Top of Information
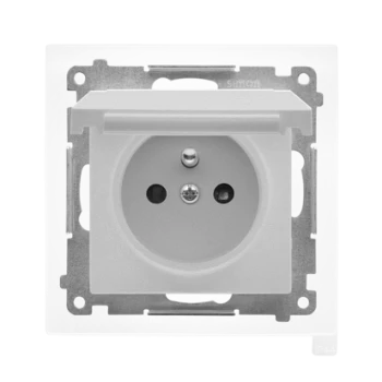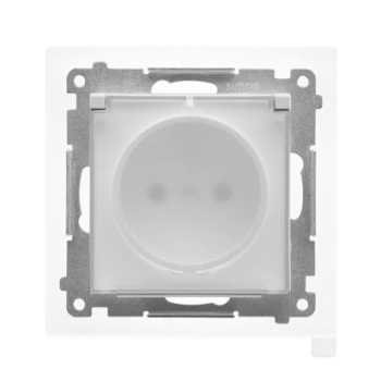 SIMON 55 MODUŁ BIAŁY MAT/ TRANSPARENTNE GNIAZDO 1X Z/U Z KLAPKĄ IP44 ZACISKI SPRĘŻYNOWE 16A 250V
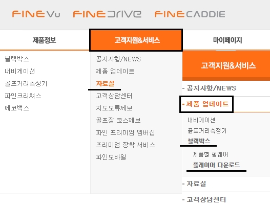 메인화면 상단에 있는 [고객지원&서비스] 메뉴를 선택합니다. [자료실] 항목을 눌러서 [제품 업데이트] 및 [블랙박스] 항목을 선택하고 [플레이어 다운로드] 항목을 눌러주세요.
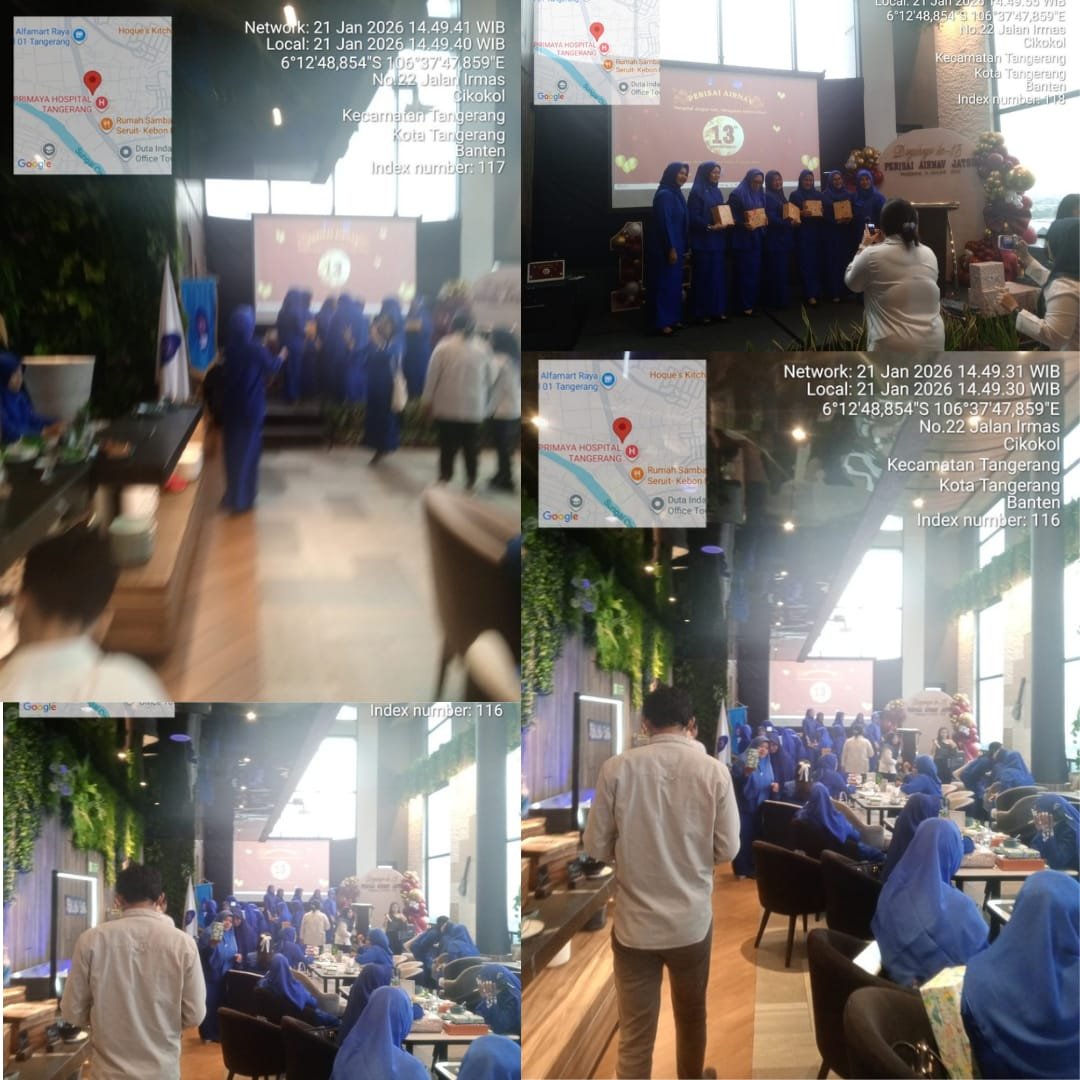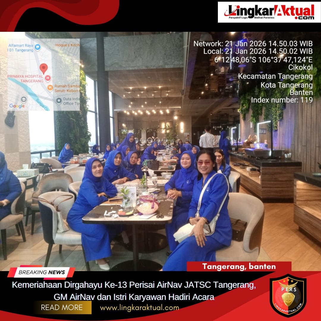 TANGERANG, BANTEN || LINGKARAKTUAL.COM || – Perisai AirNav JATSC Tangerang merayakan hari jadinya yang ke-13 dengan kemeriahan yang luar biasa. Acara ini diadakan pada tanggal 22 Januari 2026 di Hotel Mercure Tangerang Center, Arumbae Restaurant. Kehadiran GM AirNav, Bapak Widodo, sebagai penasehat Perisai AirNav, dan Ketua Perisai AirNav, Ibu GM Tutik Kusmiyati, menambah kesemarakan acara ini.
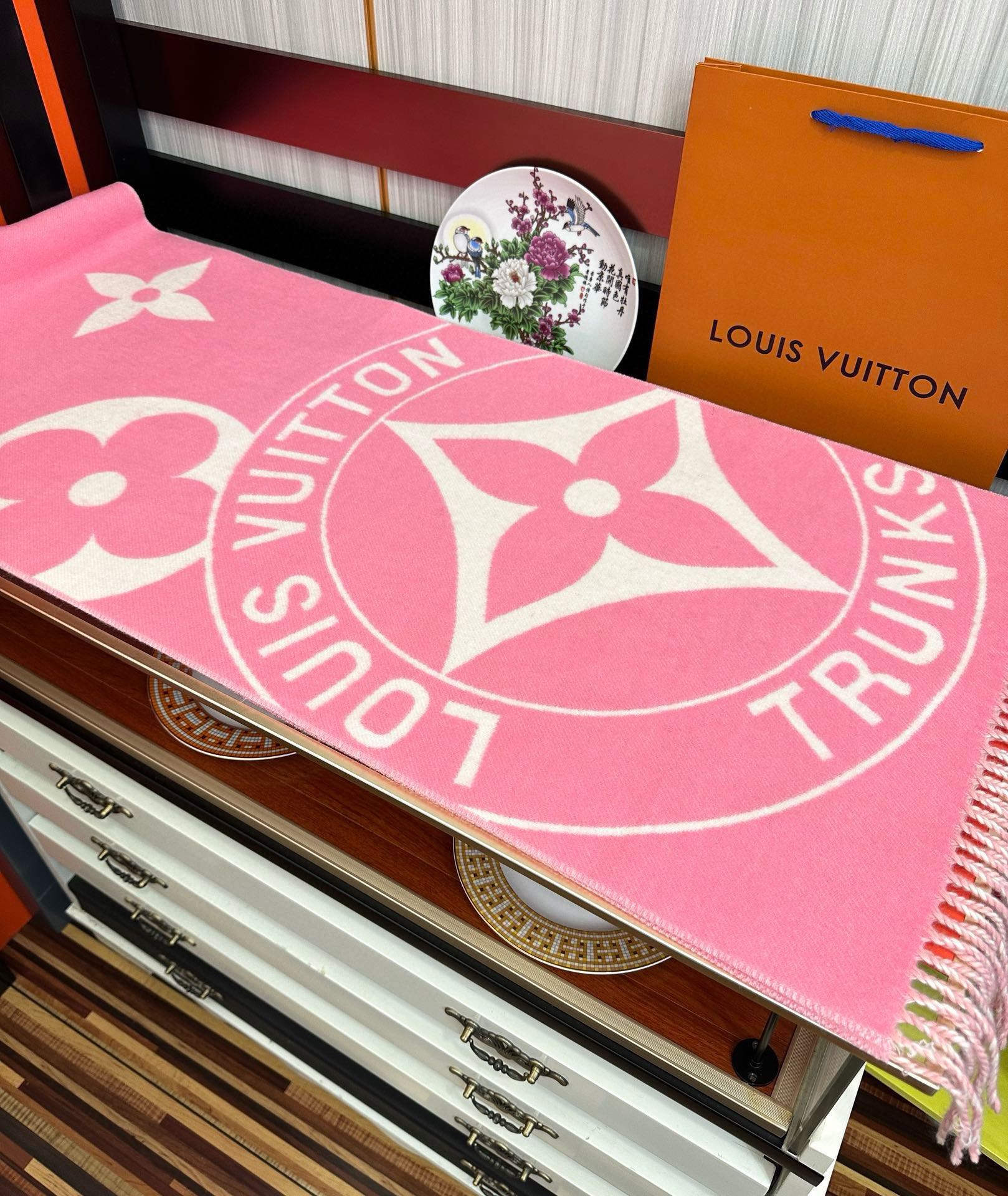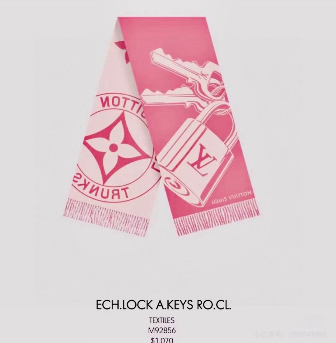 High version arrived LV new scarf🧣 Too beautiful Lock And Keys scarf made of warm plush mixed fabric [Sun] One side depicts padlock and key pattern [Smirk] Reverse side reveals Trunks round emblem, playfully tracing the brand's trunk-making heritage [Rose] Adorned with long fringe for luxurious texture. Unafraid of the cold winter winds [Celebration] Dimensions: 45x215 Material: 60% wool + 40% cashmere, 3⃣️ colors
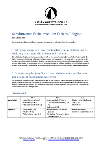 (Der Religionsunterricht orientiert sich an den Fachanforderungen des Landes Schleswig-Holsteins: https://lehrplan.lernnetz.de/index.php?wahl=227)
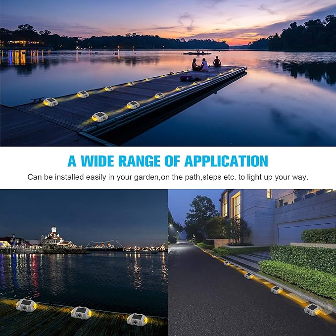 - 【Solar Powered】Eco-Friendly Rechargeable solar panels,automatically recharges during the day and glows when night falls.Each light has 6 leds which gives out Intensityt and steady light.we could have called these Deck Dots, Stair Dots, Pier Dots or Boardwalk Dots
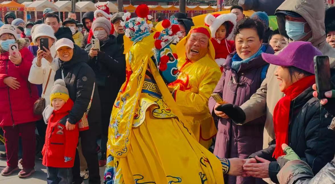 在年俗演出現(xiàn)場,只見“變臉大師”頭戴花冠穿錦衣,轉(zhuǎn)身揮袖間,多臉齊變令人直呼過癮;獅舞慶新年,金鼓聲聲喧。舞獅作為一種中國民間傳統(tǒng)的表演藝術(shù),寓意事事如意。只見表演者裝扮成獅子模樣,在鑼鼓音樂的伴奏下,身輕如燕做出獅子的各種形態(tài)動作,以龍騰虎躍神獸舞為春節(jié)助慶;一曲《紅梅贊》搭配京劇的曲調(diào),字正腔圓地以紅梅傲雪的精神,將“一片丹心向陽開”的熱情傳達(dá)給每一位觀眾;河北梆子《大登殿·金牌調(diào)來銀牌宣》的表演者嗓音明亮,氣勢十足,唱得又穩(wěn)又好,贏得了觀眾們的陣陣掌聲和聲聲喝彩。另有滑稽劇演繹百態(tài)人生,《烏蘇里船歌》《草原夜色美》《呼倫貝爾大草原》旋律優(yōu)美的獨(dú)唱,豫劇《朝陽溝·祖國的大建設(shè)一日千里》《花木蘭·誰說女子不如男》、京劇《紅燈記·光輝照兒永向前》、評劇《花為媒·李月娥遮衫袖》等耳熟能詳?shù)慕?jīng)典傳統(tǒng)戲曲段子依次上演,在熱鬧與喧囂的喜慶氛圍中,傳達(dá)著新年的祝福與吉祥。
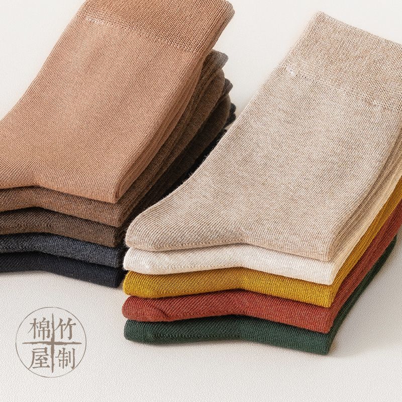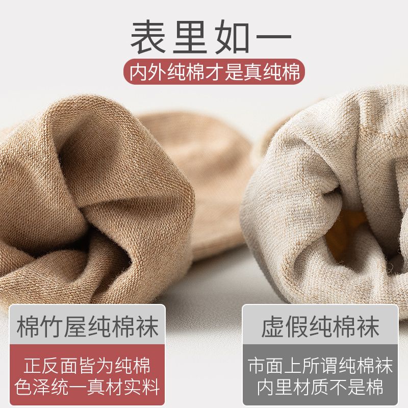 商品名称:棉竹屋袜子女中筒袜纯棉全棉纯色春秋黑色秋冬款长筒袜女士长袜
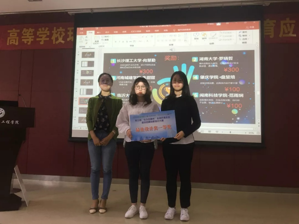 这一热度持续高涨的赛事通过初赛决出了来自全国各地28所高校48支参赛的代表队伍,最终来自开云官网的环工专业的长理F4-1队经过紧张激烈方案设计答辩与虚拟仿真机试两个环节的比拼,以总得分第三的成绩荣获一等奖,获最佳指导老师奖(全场两个)。另一支代表队伍野狼disco队荣获三等奖,向慧勤同学在设计方案投稿环节获最佳设计奖一等奖!
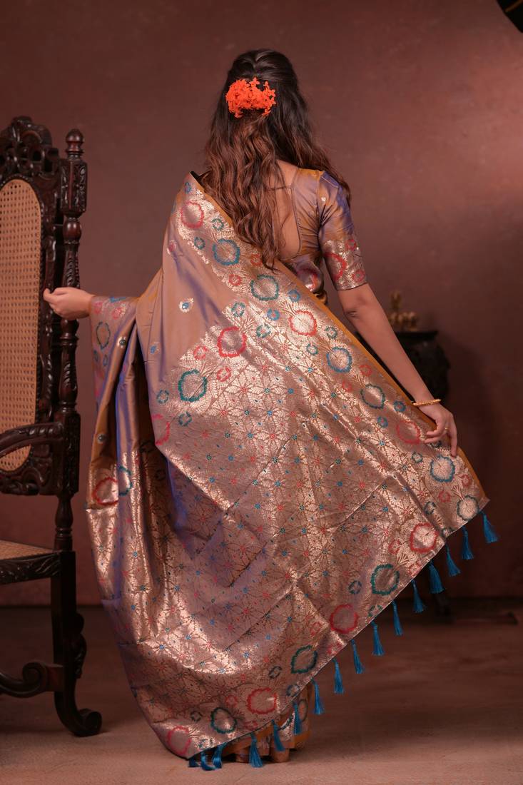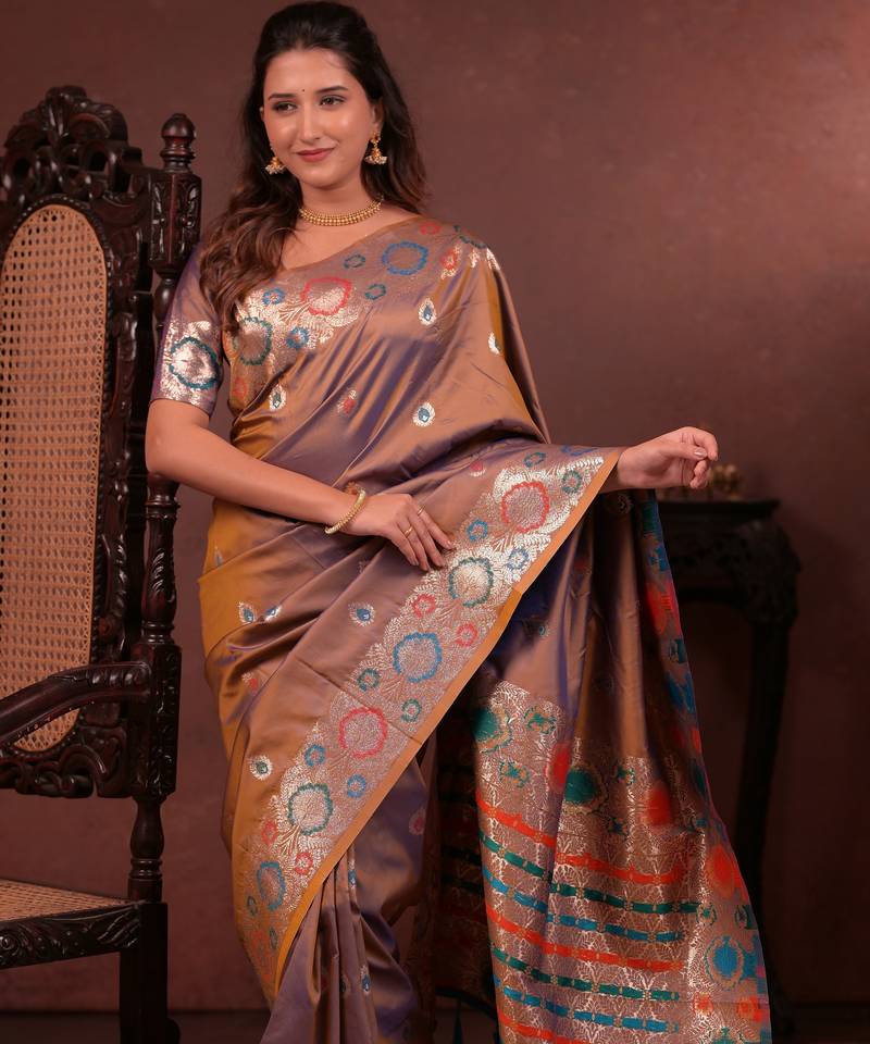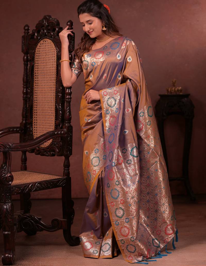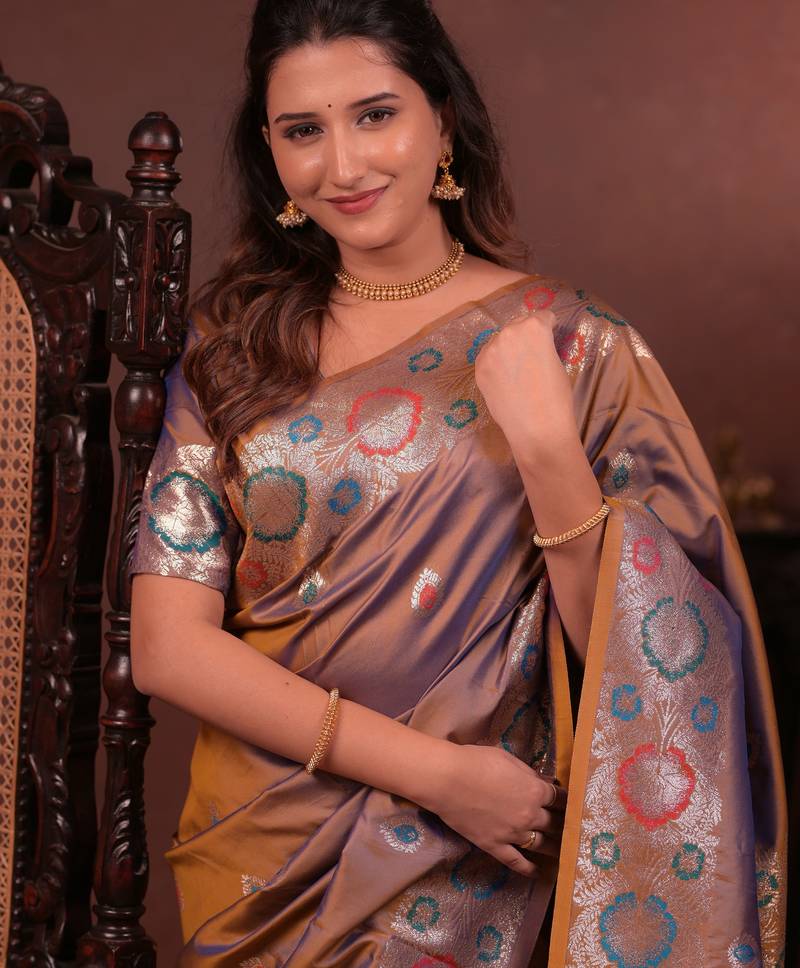 Brown floral, zari woven faux kanjivaram saree with blouse
Bottom of Information
Give the listing again exactly, minus its images.

▶ _Reply_
 SIMON 55 MODUŁ BIAŁY MAT/ TRANSPARENTNE GNIAZDO 1X Z/U Z KLAPKĄ IP44 ZACISKI SPRĘŻYNOWE 16A 250V
 메인화면 상단에 있는 [고객지원&서비스] 메뉴를 선택합니다. [자료실] 항목을 눌러서 [제품 업데이트] 및 [블랙박스] 항목을 선택하고 [플레이어 다운로드] 항목을 눌러주세요.
 TANGERANG, BANTEN || LINGKARAKTUAL.COM || – Perisai AirNav JATSC Tangerang merayakan hari jadinya yang ke-13 dengan kemeriahan yang luar biasa. Acara ini diadakan pada tanggal 22 Januari 2026 di Hotel Mercure Tangerang Center, Arumbae Restaurant. Kehadiran GM AirNav, Bapak Widodo, sebagai penasehat Perisai AirNav, dan Ketua Perisai AirNav, Ibu GM Tutik Kusmiyati, menambah kesemarakan acara ini.
 High version arrived LV new scarf🧣 Too beautiful Lock And Keys scarf made of warm plush mixed fabric [Sun] One side depicts padlock and key pattern [Smirk] Reverse side reveals Trunks round emblem, playfully tracing the brand's trunk-making heritage [Rose] Adorned with long fringe for luxurious texture. Unafraid of the cold winter winds [Celebration] Dimensions: 45x215 Material: 60% wool + 40% cashmere, 3⃣️ colors
 (Der Religionsunterricht orientiert sich an den Fachanforderungen des Landes Schleswig-Holsteins: https://lehrplan.lernnetz.de/index.php?wahl=227)
 - 【Solar Powered】Eco-Friendly Rechargeable solar panels,automatically recharges during the day and glows when night falls.Each light has 6 leds which gives out Intensityt and steady light.we could have called these Deck Dots, Stair Dots, Pier Dots or Boardwalk Dots
 在年俗演出現(xiàn)場,只見“變臉大師”頭戴花冠穿錦衣,轉(zhuǎn)身揮袖間,多臉齊變令人直呼過癮;獅舞慶新年,金鼓聲聲喧。舞獅作為一種中國民間傳統(tǒng)的表演藝術(shù),寓意事事如意。只見表演者裝扮成獅子模樣,在鑼鼓音樂的伴奏下,身輕如燕做出獅子的各種形態(tài)動作,以龍騰虎躍神獸舞為春節(jié)助慶;一曲《紅梅贊》搭配京劇的曲調(diào),字正腔圓地以紅梅傲雪的精神,將“一片丹心向陽開”的熱情傳達(dá)給每一位觀眾;河北梆子《大登殿·金牌調(diào)來銀牌宣》的表演者嗓音明亮,氣勢十足,唱得又穩(wěn)又好,贏得了觀眾們的陣陣掌聲和聲聲喝彩。另有滑稽劇演繹百態(tài)人生,《烏蘇里船歌》《草原夜色美》《呼倫貝爾大草原》旋律優(yōu)美的獨(dú)唱,豫劇《朝陽溝·祖國的大建設(shè)一日千里》《花木蘭·誰說女子不如男》、京劇《紅燈記·光輝照兒永向前》、評劇《花為媒·李月娥遮衫袖》等耳熟能詳?shù)慕?jīng)典傳統(tǒng)戲曲段子依次上演,在熱鬧與喧囂的喜慶氛圍中,傳達(dá)著新年的祝福與吉祥。
 商品名称:棉竹屋袜子女中筒袜纯棉全棉纯色春秋黑色秋冬款长筒袜女士长袜
 这一热度持续高涨的赛事通过初赛决出了来自全国各地28所高校48支参赛的代表队伍,最终来自开云官网的环工专业的长理F4-1队经过紧张激烈方案设计答辩与虚拟仿真机试两个环节的比拼,以总得分第三的成绩荣获一等奖,获最佳指导老师奖(全场两个)。另一支代表队伍野狼disco队荣获三等奖,向慧勤同学在设计方案投稿环节获最佳设计奖一等奖!
 Brown floral, zari woven faux kanjivaram saree with blouse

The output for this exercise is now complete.